Он продолжал работать, искал выхода, попробовал даже, в виде опыта, изменить стиль, но остался недоволен результатами своих поисков.

Тогда Ходасевич объявил, что перестает писать стихи.

Несколько стихотворений, из которых некоторые даже не были напечатаны при его жизни, — вот вся поэтическая работа Ходасевича за последние годы его жизни. Он сосредоточился на другой работе: статьи и критика.

Ходасевич-критик вскоре заслонил в глазах многих читателей Ходасевича-поэта. Да и сам он, по какому-то трагическому недоразумению, начал считать эту деятельность своей «правильной, настоящей линией», как не раз говорил.

Его ум, литературный вкус, прекрасное знание теории и истории литературы, его умение зло и беспощадно производить литературные экзекуции (порой идеологически-партийно, порой — слишком лично), обусловили большой успех у читателей «Возрождения»: — «Кого сегодня Ходасевич ругает?».

Сейчас, много лет спустя после смерти Ходасевича, в другую эпоху эмиграции, просматривая многие его статьи в моем литературном архиве, спрашиваю себя — являются ли они его столь уж бесспорным наследством?

Вот, например, книга «Некрополь», составленная из отдельных статей, в разное время напечатанных Ходасевичем в «Днях», в «Современных Записках» и в «Возрождении». Воспоминания об Андрее Белом, о В. Брюсове, о Гумилеве и о других написаны очень хорошо, с большой наблюдательностью, но с каким-то оттенком шаржа.

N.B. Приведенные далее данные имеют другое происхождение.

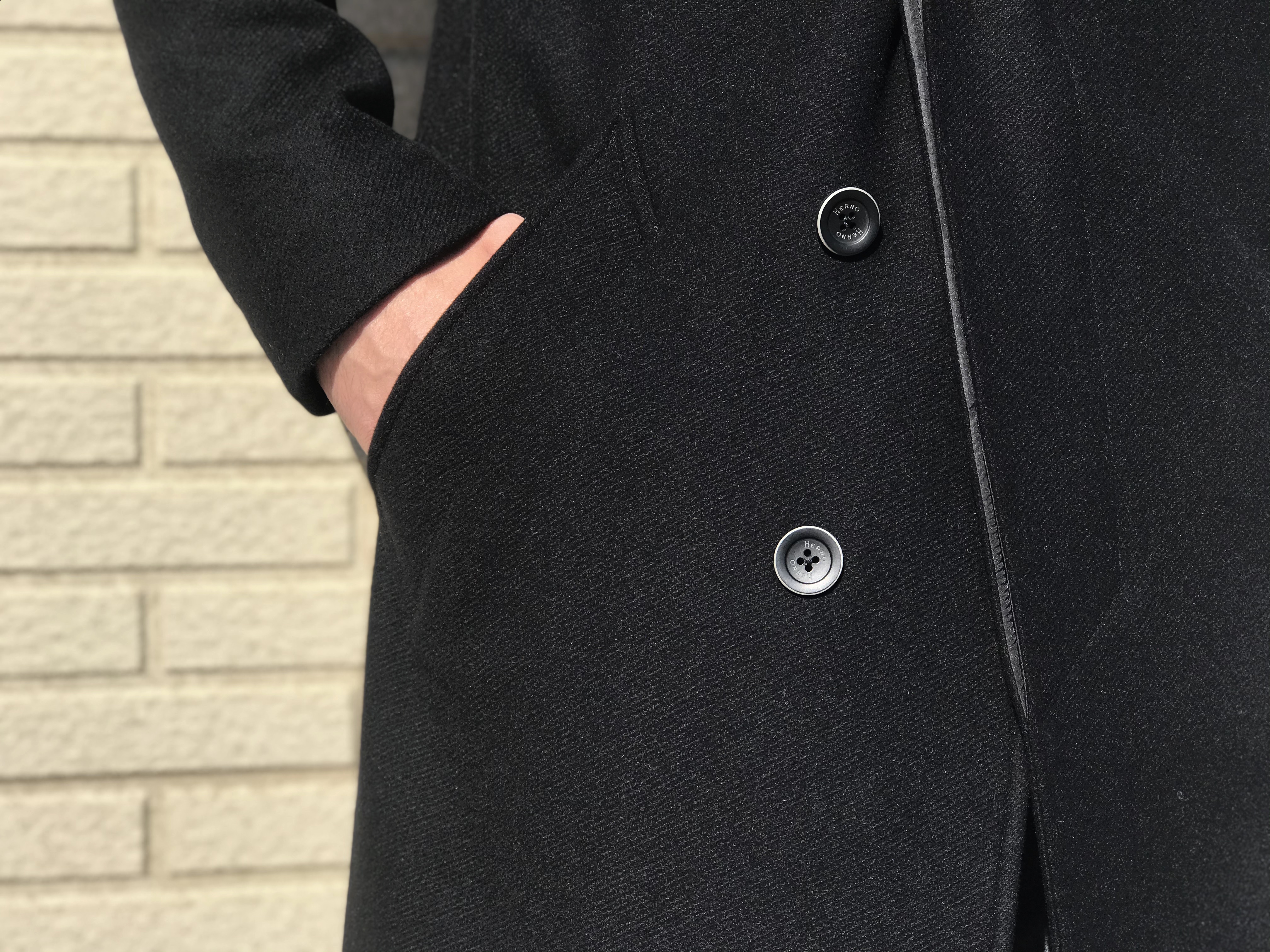 カラーはブラック。素材は、ウール80%・ナイロン20パーセント。先のコートと同じ斜めに織り目が入っていますが、こちらはハリコシの効いた綾織り生地です。

Невольно думаешь, что все эти люди не могли быть вправду такими, что Ходасевич видел их до какой-то степени в кривом зеркале.

И если образ Державина так удался Ходасевичу, то именно потому, что, переживая жизнь и творчество Державина, он полюбил его, а не остался только внешним наблюдателем.

Ходасевич с юности увлекался Пушкиным; Пушкин, как человек и как поэт, интересовал его чрезвычайно. К сожалению, за исключением отдельных статей, Ходасевичу так и не удалось написать давно им задуманную книгу о Пушкине. В эмигрантских условиях, при недостатке материалов, такая работа оказалась неосуществимой.

Вспоминаю любопытный курьёз. В 1936 году Ходасевич, в виде литературной шутки, напечатал в «Возрождении» три фельетона о жизни и творчестве предшественника поэзии 19-го века Василия Травникова и привел даже его стихи, им самим же выдуманные.

Ходасевич так удачно имитировал стиль эпохи, с такой убедительностью нарисовал облик поэта, что даже некоторые специалисты забеспокоились: слышали они или не слышали о Василии Травникове?

Мистификация удалась на славу: не без торжества Ходасевич раскрыл карты — к немалому смущению уверовавших.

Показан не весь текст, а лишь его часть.